The following is an example Seed, showing all possible options.

apiVersion: kubermatic.k8s.io/v1
kind: Seed
metadata:
  name: <<exampleseed>>
  namespace: kubermatic
spec:
  # BackupRestore when set, enables backup and restore controllers with given configuration.
  # Deprecated: use EtcdBackupRestore instead which allows for multiple destinations. For now, it's still supported and
  # will work if set.
  backupRestore: null
  # Optional: Country of the seed as ISO-3166 two-letter code, e.g. DE or UK.
  # For informational purposes in the Kubermatic dashboard only.
  country: ""
  # Datacenters contains a map of the possible datacenters (DCs) in this seed.
  # Each DC must have a globally unique identifier (i.e. names must be unique
  # across all seeds).
  datacenters:
    <<exampledc>>:
      # Optional: Country of the seed as ISO-3166 two-letter code, e.g. DE or UK.
      # For informational purposes in the Kubermatic dashboard only.
      country: ""
      # Optional: Detailed location of the cluster, like "Hamburg" or "Datacenter 7".
      # For informational purposes in the Kubermatic dashboard only.
      location: ""
      # Node holds node-specific settings, like e.g. HTTP proxy, Docker
      # registries and the like. Proxy settings are inherited from the seed if
      # not specified here.
      node:
        # Optional: If set, this proxy will be configured for both HTTP and HTTPS.
        http_proxy: ""
        # Optional: The hyperkube image to use. Currently only Flatcar
        # makes use of this option.
        hyperkube_image: ""
        # Optional: These image registries will be configured as insecure
        # on the container runtime.
        insecure_registries: []
        # Optional: If set this will be set as NO_PROXY environment variable on the node;
        # The value must be a comma-separated list of domains for which no proxy
        # should be used, e.g. "*.example.com,internal.dev".

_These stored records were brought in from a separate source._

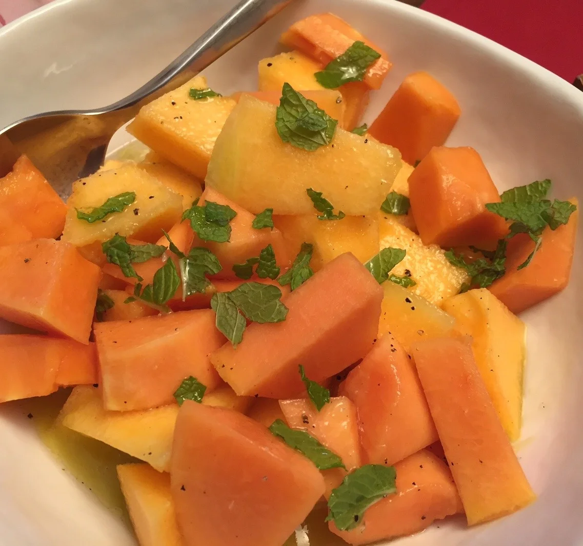 Gently toss the cantaloupe and papaya chunks together in a medium-sized serving bowl.
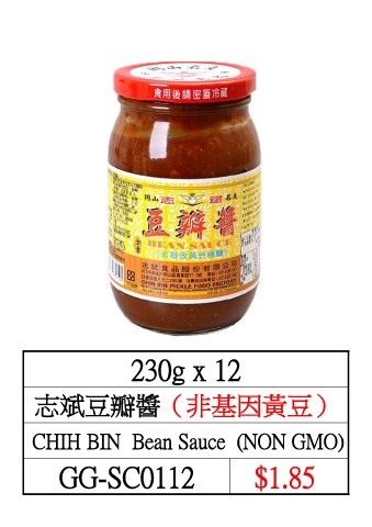230g x 12 志斌豆瓣醬(非基因黃豆) CHIH BIN Bean Sauce (NON GMO) GG-SC0112 $1.85
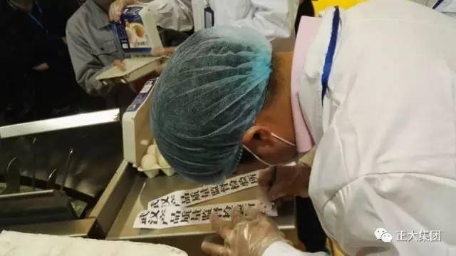 現場(chǎng),武漢產(chǎn)品質(zhì)量監督檢驗所方惠文主任、彭勇勝先生對正大雞蛋進(jìn)行現場(chǎng)抽檢。
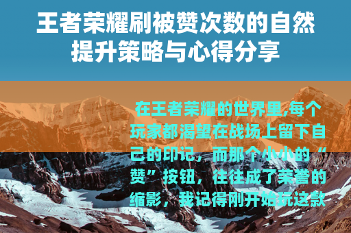 在王者荣耀的世界里,每个玩家都渴望在战场上留下自己的印记,而那个小小的“赞”按钮,往往成了荣誉的缩影,我记得刚开始玩这款游戏时,每次对局结束,看到队友或对手点来的赞,心里总会涌起一股暖流——那不是简单的数字,而是对一场合作或竞技的认可,随着时间的推移,我注意到不少玩家开始关注自己的被赞次数,甚至将其视为个人实力的象征,但如何让这个数字自然增长,而不陷入功利化的追逐?我想分享一些基于个人经验和玩家交流的心得,聚焦于正当、可持续的方式,来提升王者荣耀中的被赞次数。

        # Note that the in-cluster apiserver URL will be automatically prepended
        # to this value.
        no_proxy: ""
        # Optional: Translates to --pod-infra-container-image on the kubelet.
        # If not set, the kubelet will default it.
        pause_image: ""
        # Optional: These image registries will be configured as registry mirrors
        # on the container runtime.
        registry_mirrors: []
      # Spec describes the cloud provider settings used to manage resources
      # in this datacenter. Exactly one cloud provider must be defined.
      spec:
        alibaba:
          # Region to use, for a full list of regions see
          # https://www.alibabacloud.com/help/doc-detail/40654.htm
          region: ""
        anexia:
          # LocationID the location of the region
          location_id: ""
        aws:
          # List of AMIs to use for a given operating system.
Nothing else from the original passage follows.